Here's the buck. I just have snapshots since it was a driveway breeding. That's a different doe of mine in the photo who is 23.5" so he might be 25-26"... Would be awesome to have black babies!!


----------



## Lilgoatgal (Dec 17, 2021)

Rancho Draco said:


> I've seen a few different lines that tend to run about 90 lbs. My girls are all right around 100 lbs but they are around 23" at the withers.
> 
> So your girls are a little smaller too. I have a doe that's 23.5" & running around 100lbs. She's still small compared to other Kinders but is my largest atm


----------



## Lilgoatgal (Dec 17, 2021)

goatblessings said:


> I would wait to breed her until late fall .. it’s really hard on the doe to kid and support growing babies more than once a year


Yes, good point! I did mean her doeling from last year, who will be 17 months when we breed her as a FF  I reworded it to be more clear, thank you.


----------



## MellonFriend (Aug 8, 2017)

Can't wait to see the little ones! I think you might get a black kid with that pairing. I always get at least one black kid when I breed my brown girl to my black buck. 

I notice that your girls seem to be eating chopped up veggies, is that something you do regularly? I've always been interesting in adding vegetables to their diets.


----------



## Lilgoatgal (Dec 17, 2021)

MellonFriend said:


> Can't wait to see the little ones! I think you might get a black kid with that pairing. I always get at least one black kid when I breed my brown girl to my black buck.
> 
> I notice that your girls seem to be eating chopped up veggies, is that something you do regularly? I've always been interesting in adding vegetables to their diets.
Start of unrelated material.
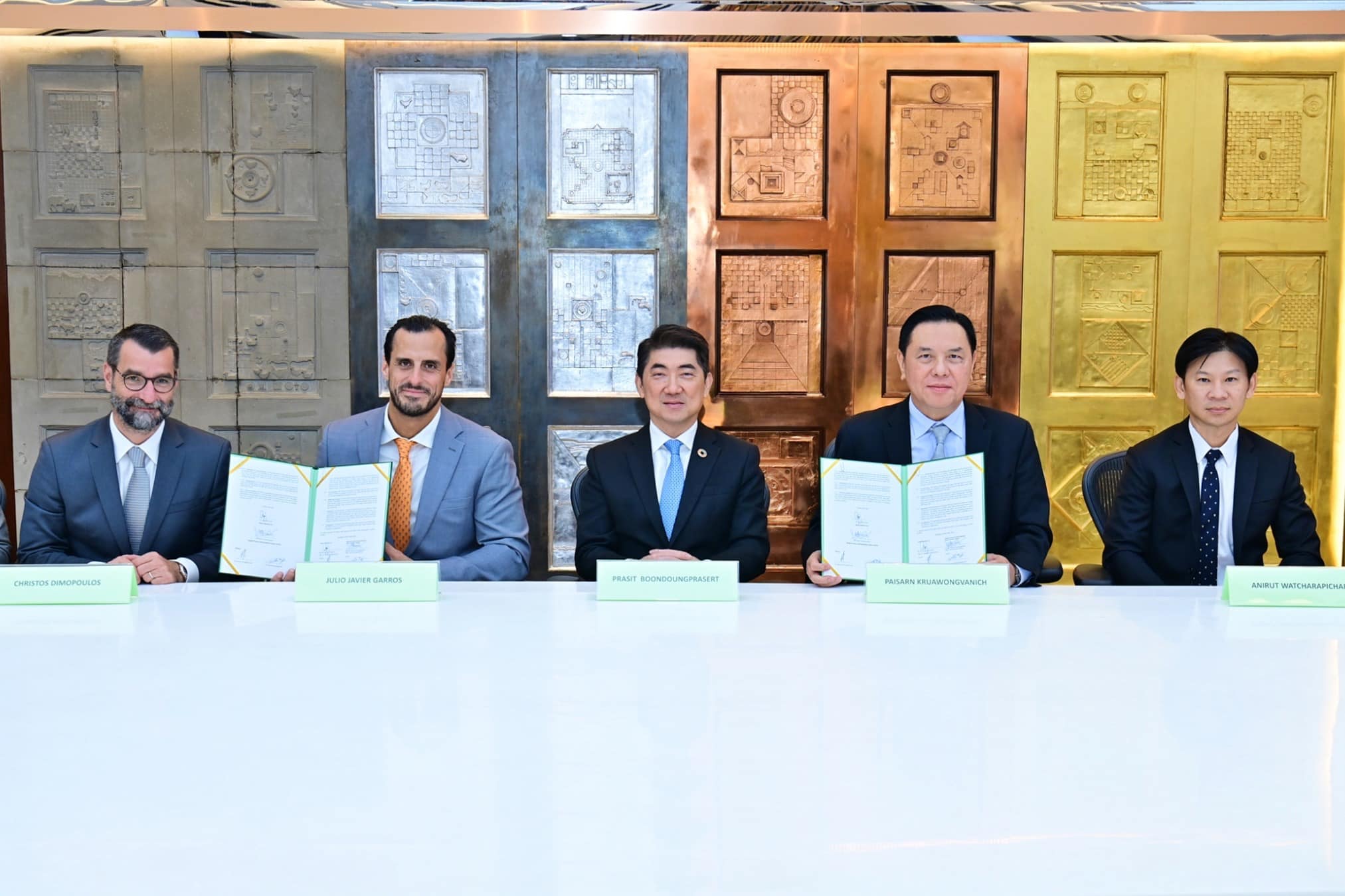 ในพิธีลงนาม คุณไพศาล เครือวงศ์วานิช ประธานเจ้าหน้าที่บริหาร กรุงเทพโปรดิ๊วส และนายฮูลิโอ จาเวียร์ การ์รอส ประธานบริหารร่วม ธุรกิจการเกษตร ประจำ เซา เปาโล บังกี้ เซ็นต์ลงนาม โดยมี คุณประสิทธิ์ บุญดวงประเสริฐ ประธานคณะผู้บริหาร ซีพีเอฟ เป็นสักขีพยาน พร้อมกับ คุณพีรพงศ์ กรินชัย ผู้บริหารสูงสุด สายงานวิศวกรรมกลาง ซีพีเอฟ และ คุณคริสโตส ดิโมพูโลส ประธานบริหารร่วม ธุรกิจการเกษตร ประจำ เจนีวา บังกี้ ณ ซีพี ทาวเวอร์ สีลม กรุงเทพ

I sure hope so! All of ours are brown with the black stripe right now & getting a little hard to tell who's who! 
Yep, they get kitchen scraps on top of their chaffehaye and love them. Today's pic is a little embarrassing because we moved the trough to the sunlight & my daughter was feeding so I could get a picture & they dumped it over right as she was filling it. Typically they aren't served their veggies all over the ground! haha!


----------



## Rancho Draco (Sep 29, 2021)

Lilgoatgal said:


> All of ours are brown with the black stripe right now & getting a little hard to tell who's who!


It's my favorite pattern but it does get tricky when there's more than a couple of the same pattern. What color kids has she had in the past?


----------



## MadHouse (Oct 3, 2019)

She is a cutie!
Good luck with her kidding!


----------



## Lilgoatgal (Dec 17, 2021)

Rancho Draco said:


> It's my favorite pattern but it does get tricky when there's more than a couple of the same pattern. What color kids has she had in the past?


Is it really your favorite? Well... do I have some goats for you then! haha! 
Her kids last year were the same color as her, but that sire was brown also so no real surprise.


----------



## Lilgoatgal (Dec 17, 2021)

MadHouse said:


> She is a cutie!
> Good luck with her kidding!


Thank you!


----------



## Rancho Draco (Sep 29, 2021)

Lilgoatgal said:


> Is it really your favorite? Well... do I have some goats for you then! haha!
> Her kids last year were the same color as her, but that sire was brown also so no real surprise.


It is! Half my herd is that pattern. I recently learned that it's called Bezoar. All my goats carry recessive black so can throw black kids even though they aren't all black. Are you hoping for boys or girls from her?


----------



## Lilgoatgal (Dec 17, 2021)

Rancho Draco said:


> It is! Half my herd is that pattern. I recently learned that it's called Bezoar. All my goats carry recessive black so can throw black kids even though they aren't all black. Are you hoping for boys or girls from her?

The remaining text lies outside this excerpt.